ECB’s Lagarde Warns of Impact of Fragmenting Global Economy on Inflation

17 April 2023

By Xavier D’Arcy – FRANKFURT (Econostream) – The fragmentation of the global economy into two blocs between the US and China may impact supply elasticity and price stability, European Central Bank President Christine Lagarde said on Monday.

In a speech at the Council on Foreign Relations in New York, Lagarde said that central banks in economies with similar interests would benefit from acting together, and monetary policy would have a strategic role to play in the new economic order.

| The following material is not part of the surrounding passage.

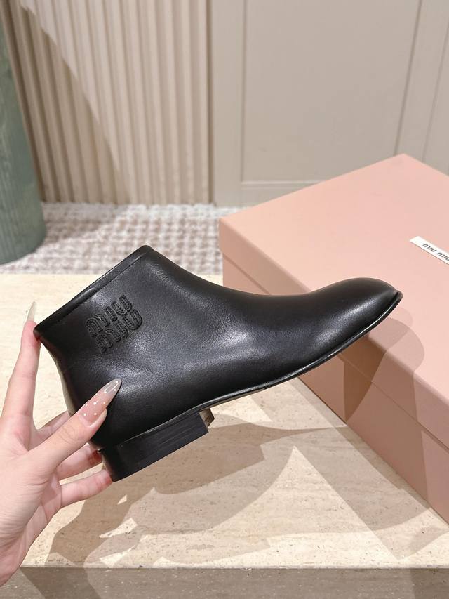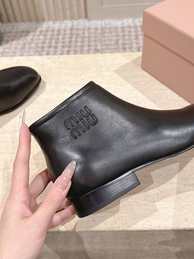 顶级版本: :Miu Miu Fw25 New Arrival~ A级小牛皮材质,质感超赞的 看似简约,但还是有独特的酷劲儿 鞋底意大利进口牛皮革 顶级Size

‘We are witnessing a fragmentation of the global economy into competing blocs […] this fragmentation may well coalesce around two blocs led respectively by the two largest economies in the world’, she said. A ‘profound [effect] on the policy environment for central banks’ could be ‘more instability as global supply elasticity wanes’, she said. Globalisation had led to a period of ‘relatively low and stable inflation’ which ‘may now be giving way to one of lasting instability resulting in lower growth, higher costs and more uncertain trade partnerships.’

The coming period of economic fragmentation would call for ‘greater policy cohesion’ between partners, she said. ‘Not compromising independence, but recognising interdependence between policies, and how each can best achieve their objective if aligned behind a strategic goal.’ There would be a ‘multiplier effect of common action’ from economies acting together rather than alone, she said.

Looking at recent developments, she said that ‘international currency status should no longer be taken for granted’ for the dollar and the euro, as ‘new trade patterns may have ramifications for payments and international currency reserves.’

'Central banks also have an important role to play here – even as protagonists', she said.

Projects such as the digital euro and the availability of swap lines would be central in ensuring that currencies retain their position, she said. The completion of capital markets union would also be ‘pivotal in determining whether the euro remains among the leading global currencies or others take its place.’